▶ _Exercise directions_
Find the line below with "Recueil de l'information". Print it and every line after it exactly, through the last line, leaving out the pictures.

++++ Records to use

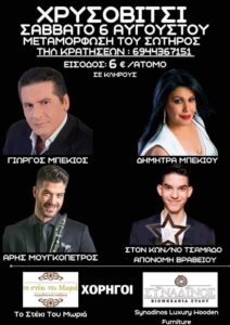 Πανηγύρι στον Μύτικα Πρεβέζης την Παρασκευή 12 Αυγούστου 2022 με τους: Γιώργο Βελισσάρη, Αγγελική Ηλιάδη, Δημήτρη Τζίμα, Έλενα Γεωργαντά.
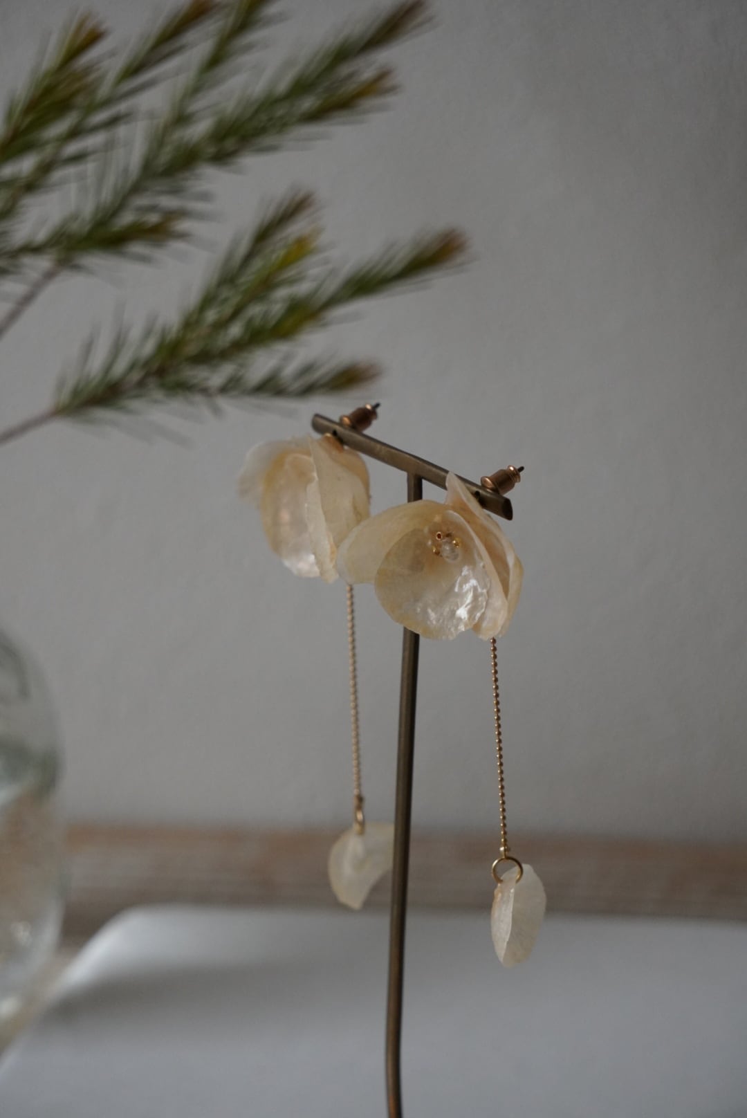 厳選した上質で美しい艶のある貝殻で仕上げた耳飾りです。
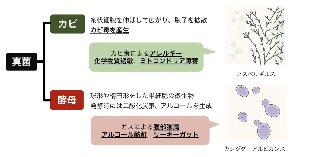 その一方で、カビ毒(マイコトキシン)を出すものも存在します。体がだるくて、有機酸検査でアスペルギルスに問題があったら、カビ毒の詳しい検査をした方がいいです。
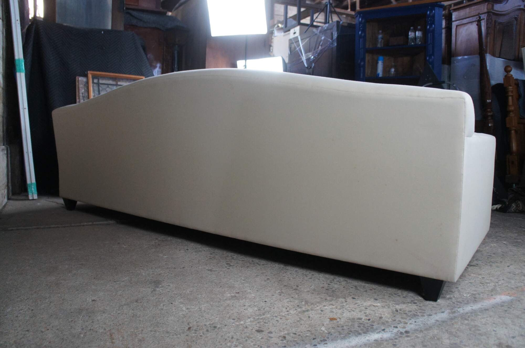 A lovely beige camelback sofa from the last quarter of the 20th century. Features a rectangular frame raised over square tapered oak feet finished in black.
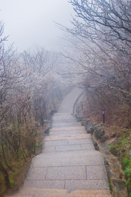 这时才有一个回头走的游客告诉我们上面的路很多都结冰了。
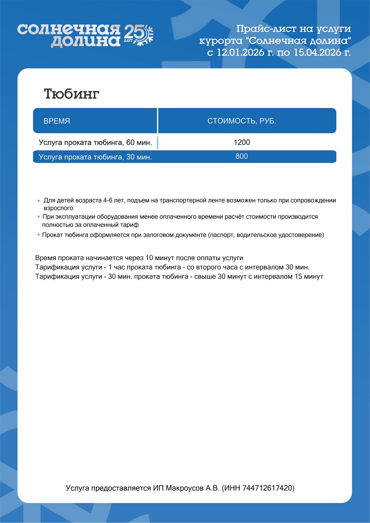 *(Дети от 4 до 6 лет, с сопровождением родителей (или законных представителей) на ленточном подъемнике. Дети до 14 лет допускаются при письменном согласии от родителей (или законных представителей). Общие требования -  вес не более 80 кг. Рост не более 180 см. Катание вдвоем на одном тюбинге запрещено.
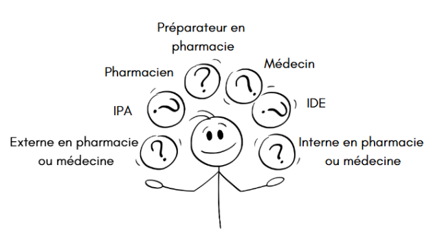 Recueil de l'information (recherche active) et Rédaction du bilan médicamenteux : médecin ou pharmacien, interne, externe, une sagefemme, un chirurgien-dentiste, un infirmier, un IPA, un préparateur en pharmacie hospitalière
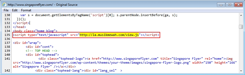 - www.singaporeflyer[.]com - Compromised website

++++++++

▶ _Solution for this problem_
 Recueil de l'information (recherche active) et Rédaction du bilan médicamenteux : médecin ou pharmacien, interne, externe, une sagefemme, un chirurgien-dentiste, un infirmier, un IPA, un préparateur en pharmacie hospitalière
 - www.singaporeflyer[.]com - Compromised website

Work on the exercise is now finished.